This month we consider An Unkindness of Magicians by Kat Howard and Spoonbenders by Daryl Gregory.

An Unkindness of Magicians
Kat Howard
Hardcover / Ebook
ISBN: 978-1481451192
Saga Press, September 26 2017, 368 pages

An Unkindness of Magicians“Fortune’s Wheel has begun its Turning. When it ceases rotation, all will be made new.”

Magic always has a price. For generations, that price has been hidden from the powerful families who use it. Now the Turning has come, a time when the Great Houses of the Unseen World challenge each other for dominance; a time of change, when anything can happen—and those outcast have returned to claim their due.

Author Kat Howard brings together some of the best-known names in magic in a darkly glittering novel where the inhabitants of the Unseen World live and work alongside modern-day New York City. The descendants of Merlin, Shakespeare’s Prospero, and the alchemist John Dee are among the core elite of the Great Houses who will battle to maintain the status quo.
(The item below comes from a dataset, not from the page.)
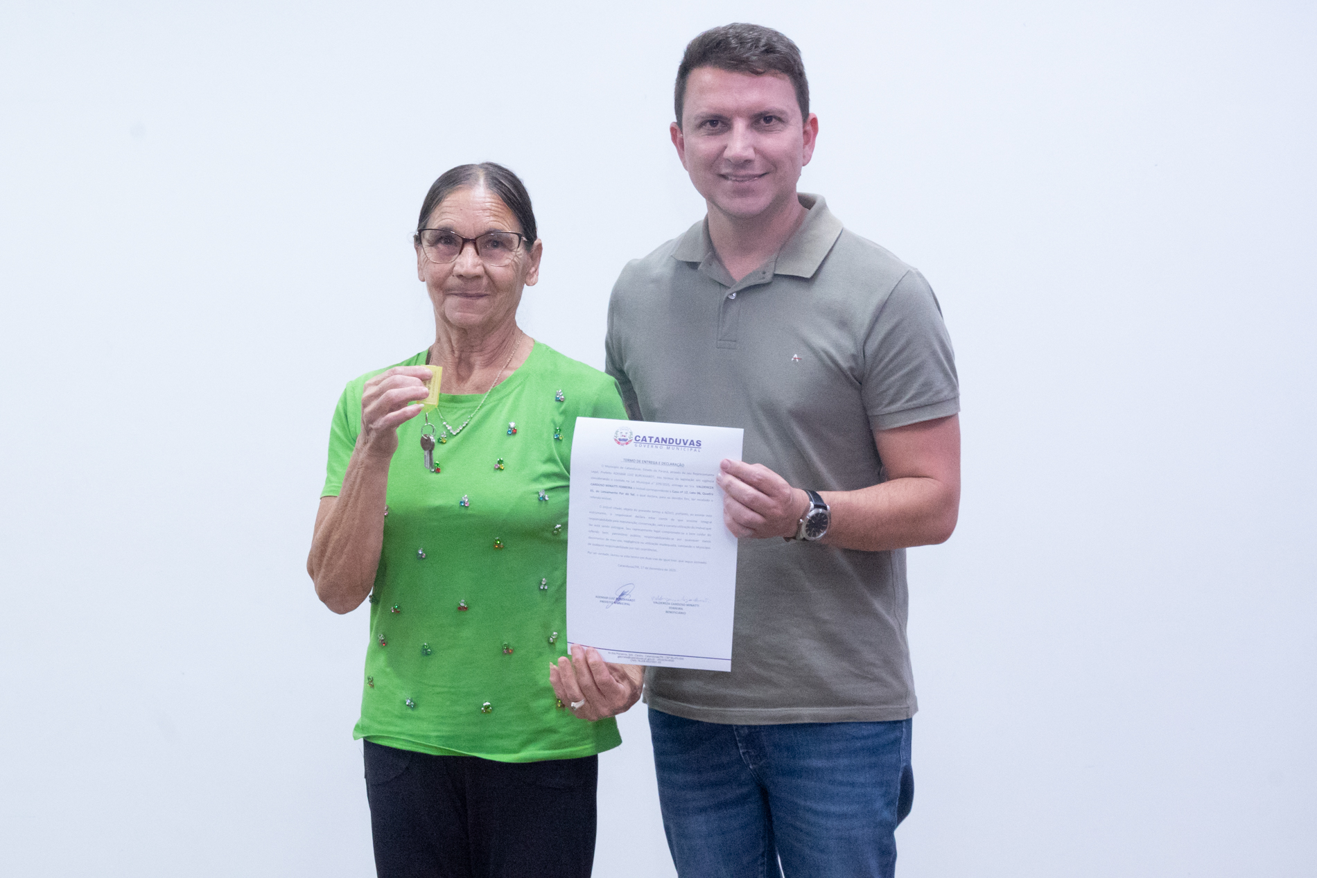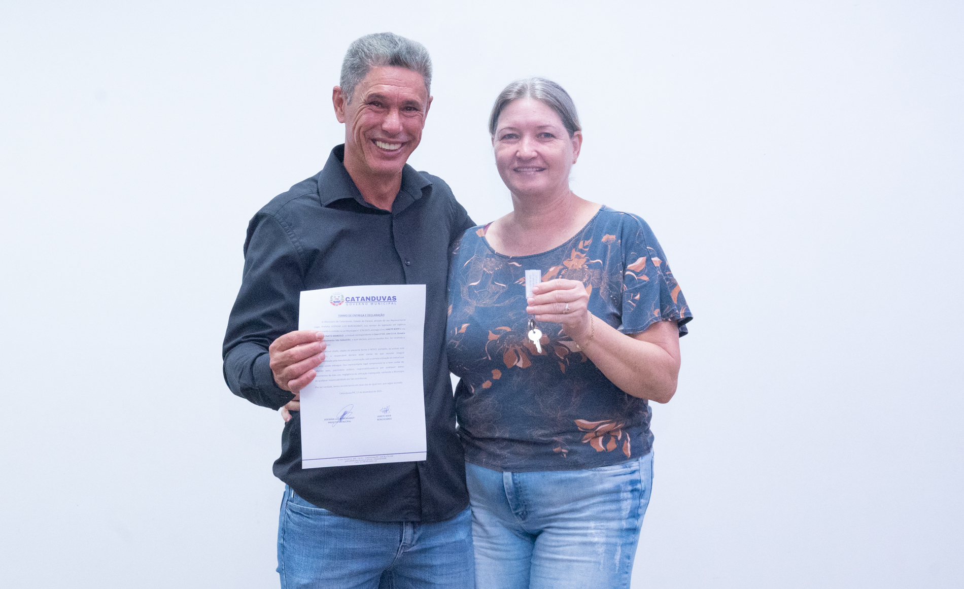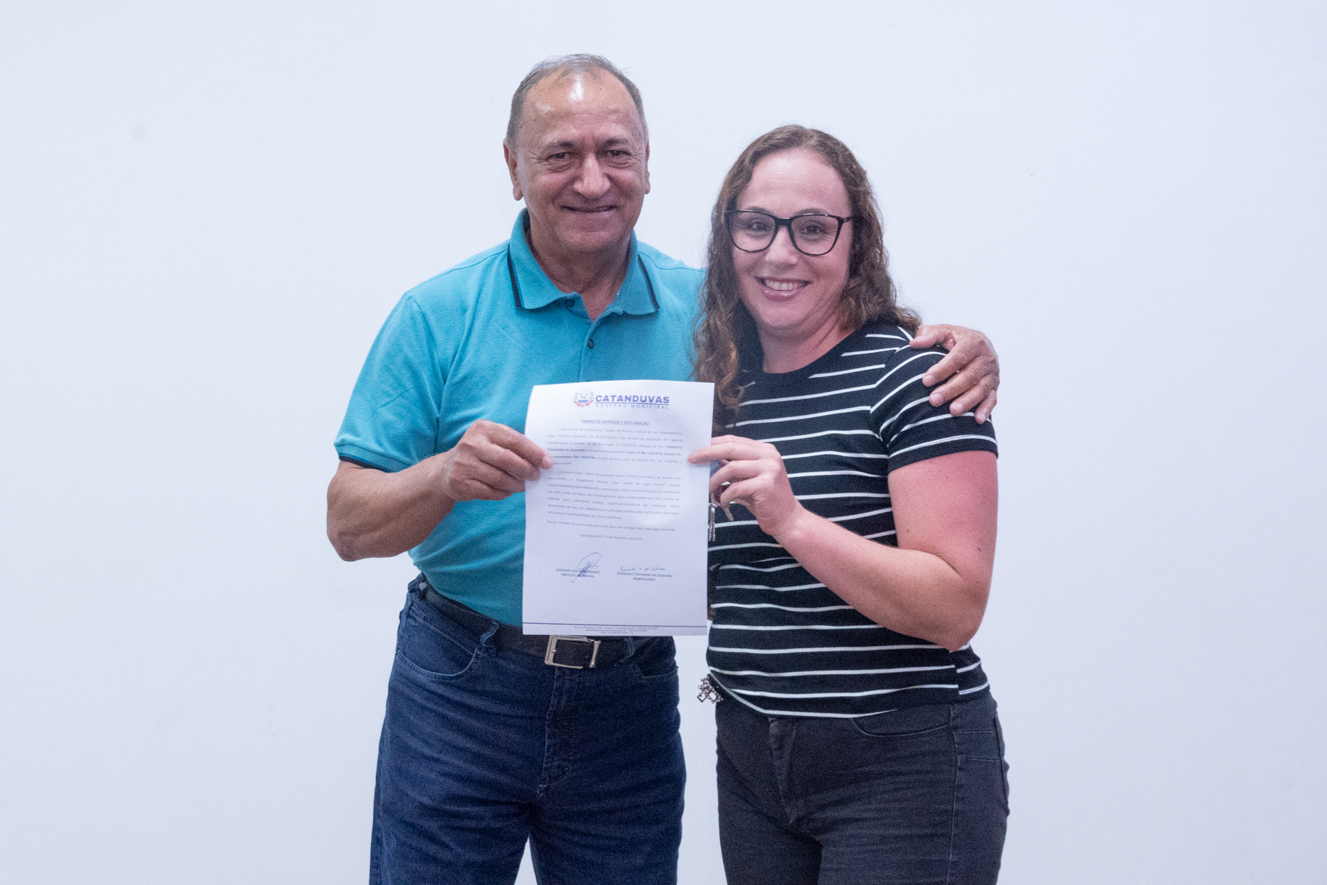 No dia 17 de dezembro, o Município realizou a entrega de 14 unidades habitacionais às famílias contempladas pelo programa habitacional instituído pela Lei nº 379/2025, representando um importante avanço na política de habitação social.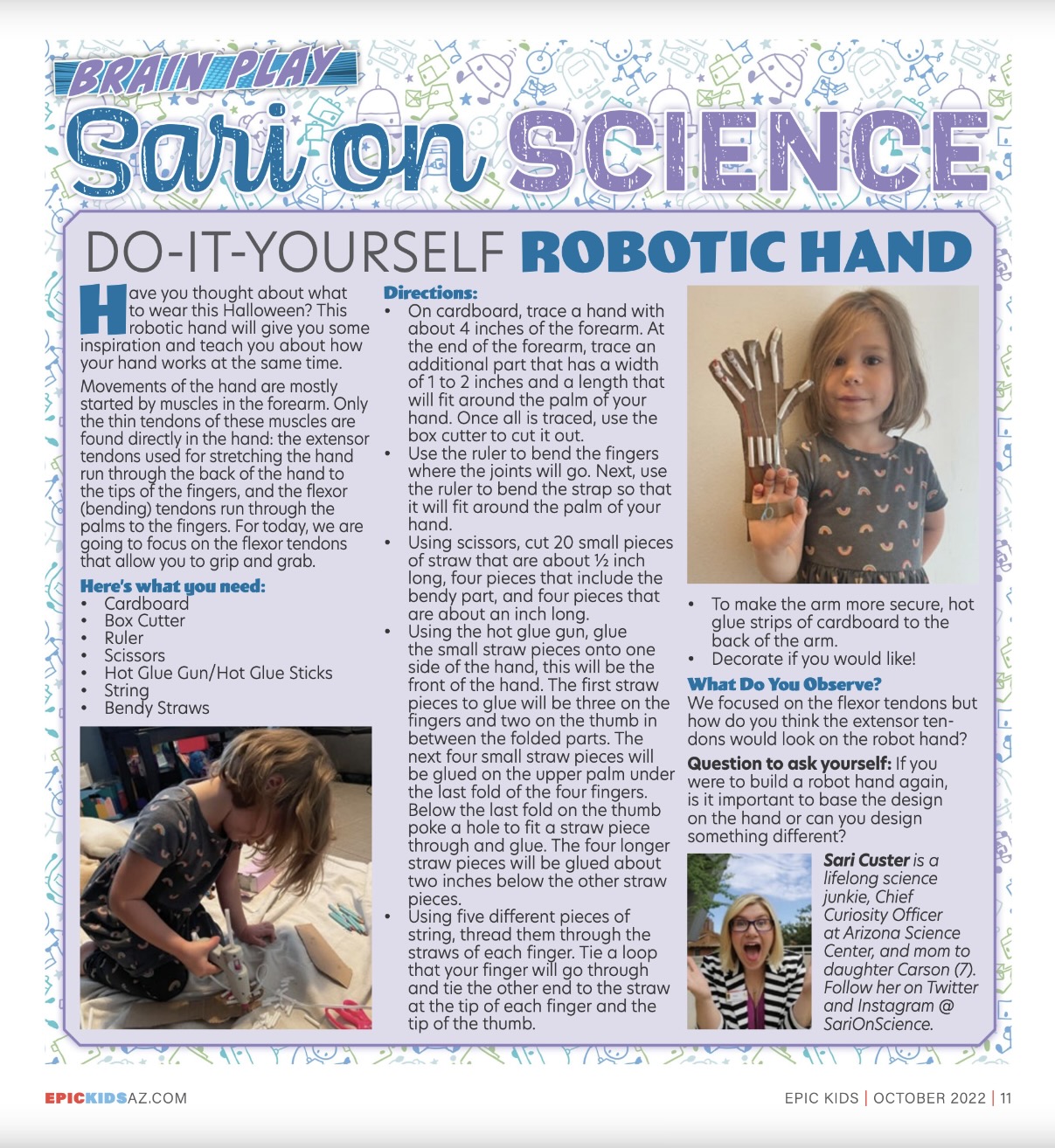 Sari on Science Do-it-yourself robotic hand. Have you thought about what to wear this Halloween? This robotic hand will give you some inspiration and teach you about how your hand works at the same time. Movements of the hand are ...

Sydney—an outsider with no last name—has earned some small freedom from her indenture to the House of Shadows, and has been contracted by Laurent Beauchamps as his champion in a bid to elevate his family’s fortune and be recognized as one of the great Houses. Laurent’s best friend, Gray Prospero, the disinherited son of Shakespeare’s Miranda, has his own designs on the outcome, and his own way of tapping the power he needs to get his way. The stakes for the Houses are largely political; for the individuals involved, they are personal; and for those on the fringes of the Unseen World, they just might be life and death. Sydney must defeat the House challengers while navigating the waters of family feuds, ancient compacts, missing cousins, and the terms of her own freedom.

Howard has a knack for finding the magical in the everyday (the Angel of the Waters statue in Central Park houses a potent spell), and conversely, the everyday in the magical (“Even magicians need lawyers,” we learn, and it turns out that they can be lawyers, too). Her previous novel, Roses and Rot, explored a complicated relationship between sisters, set against the backdrop of an artists’ retreat and steeped in the context of fairy tales; in An Unkindness of Magicians she looks at a different type of family fractured by social striving, evoking a sense of long history by bringing names of legend into the present.
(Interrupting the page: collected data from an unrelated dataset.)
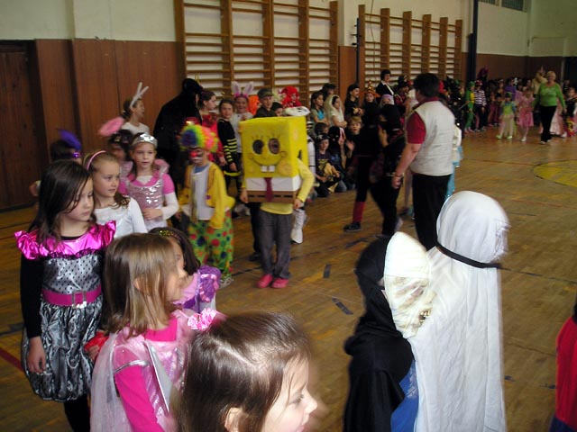telocvične. Žiaci prvého stupňa si obliekli rôzne nevšedné kostými,
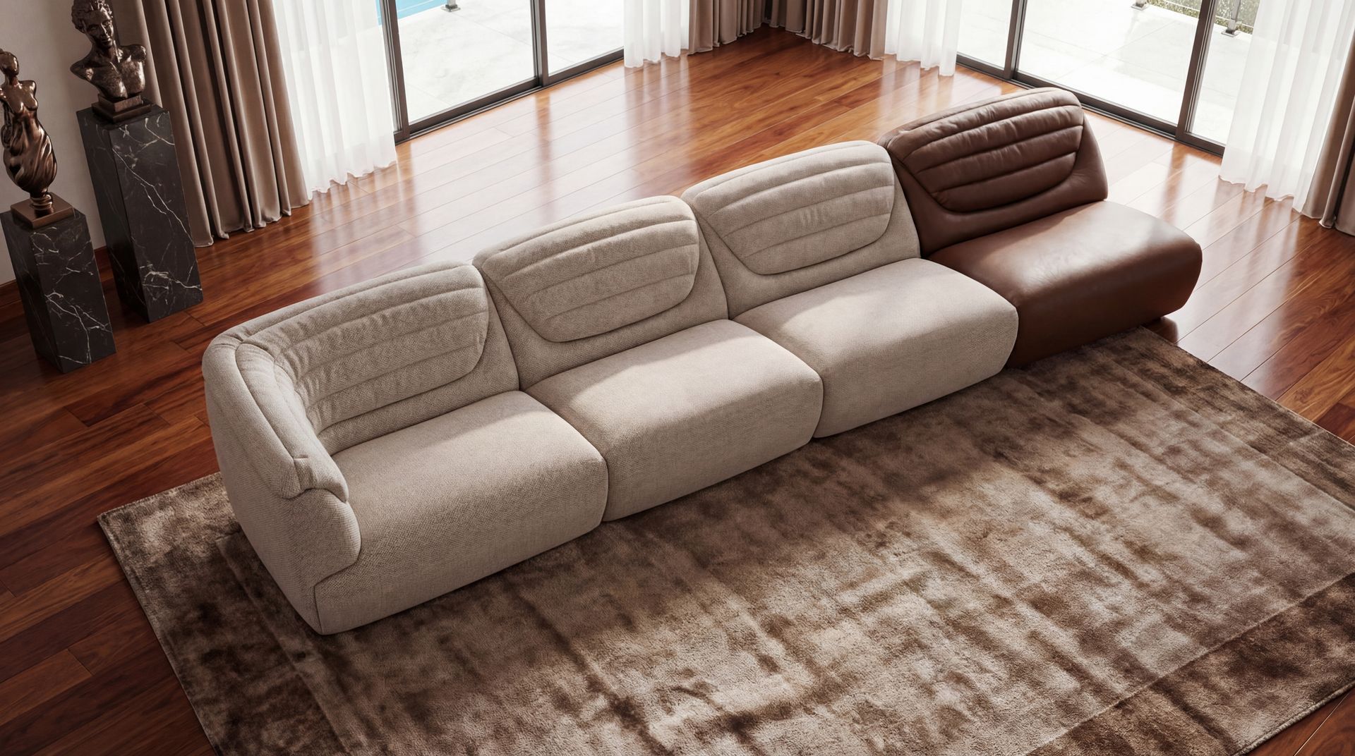 Pelago nasce da vastidão, um convite ao abandono das formas rígidas do cotidiano. Inspirado no mar aberto e no silêncio que só a imensidão conhece, seu desenho farto e modular ecoa a liberdade de compor espaços de descanso. Cada módulo é um gesto de conforto. O encosto, em formato de envelope, abraça o corpo com uma suavidade quase líquida. Oferecendo uma ergonomia surpreendente, como se cada parte do corpo encontrasse seu lugar exato sem esforço. Pelago é o espaço onde o design encontra o descanso.
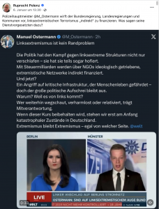 Das konnte man ja im letzten Jahr vor der Bundestagswahl auch schon beobachten, dass sich da auf einmal die Terroranschläge häuften. Und nun stehen halt bald einige sehr wichtig Landtagswahlen an, bei denen die AfD die stärkste Partei zu werden droht. Da nehmen die solche Geschichten wie jetzt vom linksexremistischen Terroranschlag auf die Stromversorgung natürlich nur allzu gern mit, um dann damit Wahlkampf machen zu können nach dem Motto: „Seht ihr, das kommt dabei raus, wenn ihr nicht das macht, was wir sagen …“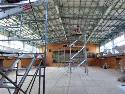 体育館耐震補強工事は、当初昨年度に行われる予定でしたが、諸般の事情により今年度となりました。右の写真は現在の体育館の内部の様子です。暑い中、工事業者の方々や職人さんが、懸命に作業を進めています。補強されて安心感が増した体育館での活動が待ち遠しいです。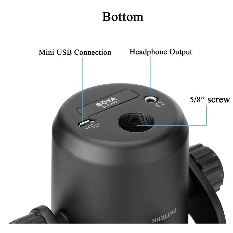 Micro thu âm Boya BY-PM700 là dòng microphone cổng cắm USB, tương thích với máy tính hệ thống Windows và Mac. Với mô hình núm, cho phép bạn lựa chọn chế độ omni-directional, cardiod, âm thanh stereo và bi-derectional pickup, phù hợp trong nhiều trường hợp như ghi âm, cuộc phỏng vấn, hội nghị, thu âm giọng hát, podcasting và nhiều hơn nữa. Độ phân giải lên đến 16 bit/48 khz, và nó có tính năng điều khiển, nút mute, không có độ trễ đầu ra headphoneTHÔNG SỐ KỸ THUẬT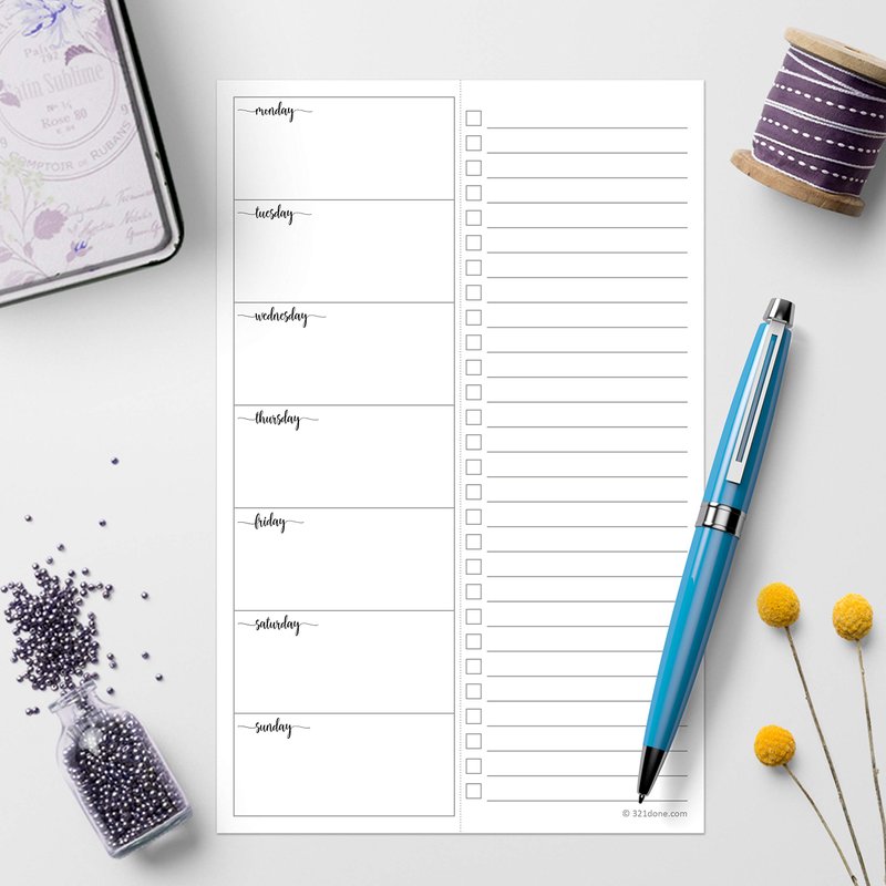 So convenient, so many uses, so great for getting you organized, this convenient notepad is a weekly planner and checklist in one! Each pad is a spacious 5 1/2 x 8 1/2 inches and contains 50 heavyweight sheets attached to a sturdy chipboard backing. Sheets are perforated right down the middle so you can plan using the days of the week boxes on the left, make a to-do list on the right, then tear it off and take it to go. This notepad is great for home, school, or the office. Jot down daily and weekly to-dos, goals, chores, appointments, work tasks, or priorities, or use it as a meal planning notepad. Plan your weekly menu on the left and write your grocery list on the right for simplified meal prep. 321Done offers a large collection of daily and weekly planners, trackers, to do lists, notepads, recipe cards, and more to help you get things done. See it all at amazon.com/321done.

An Unkindness of Magicians is set in a richly-imagined world in which magical duels are fought beneath crystal chandeliers while the spectators sip champagne, as those who make their lives possible are kept neatly out of view. Howard explores themes of corruption, greed, and disparities of power and privilege in an absorbing read that is part murder mystery, part political thriller, and part fantasy underdog tale: When the Wheel ceases its Turning, which House will come out on top—and who will pay the price? All lovers of contemporary fantasy should have this on their TBR list.

Spoonbenders
Daryl Gregory
Hardcover / Paperback / Ebook
ISBN: 978-1524731823
Knopf, June 27, 2017, 416 pages

SpoonbendersThe Telemachus family has a secret, or rather, two: One, they were briefly famous as the Amazing Telemachus Family for their stage act of mentalist tricks—famous enough to appear on television’s most popular daytime talk show, where they were very publicly debunked and humiliated by the Astounding Archibald. And two, it wasn’t entirely an act. Hardly at all, in fact.

Now each pursuing their own lives and livelihoods in ways not always entirely legal or wise, the family must come together as their collective past catches up with them. Their paranormal abilities make their already complicated lives even more so, as along with Irene Telemachus’s foray into the brand-new world of online dating, her son Matty’s discovery that he can actually leave his body (though only under very specific and embarrassing circumstances), and whatever it is that Uncle Buddy is building in the basement, add Grandpa Teddy’s grifting, Frankie’s mafia entanglements, a government agent, and the reappearance of the man who ruined the family in the first place—and letters arriving from the long-dead Grandma Maureen.

Spoonbenders is an ambitious book. There is a lot going on here, so much so that I found myself waiting for an authorial misstep, some thread left dangling—to my delight, I found none. Few authors can make each point of view compelling, but Daryl Gregory has done so, managing to weave the story of each family member deftly into a fabric that feels utterly genuine and satisfying. The arc that binds them all together is that of the enigmatic, unspeaking, and temporally unmoored Uncle Buddy, whose peculiar efforts at home improvement the family abides with sympathy and humor.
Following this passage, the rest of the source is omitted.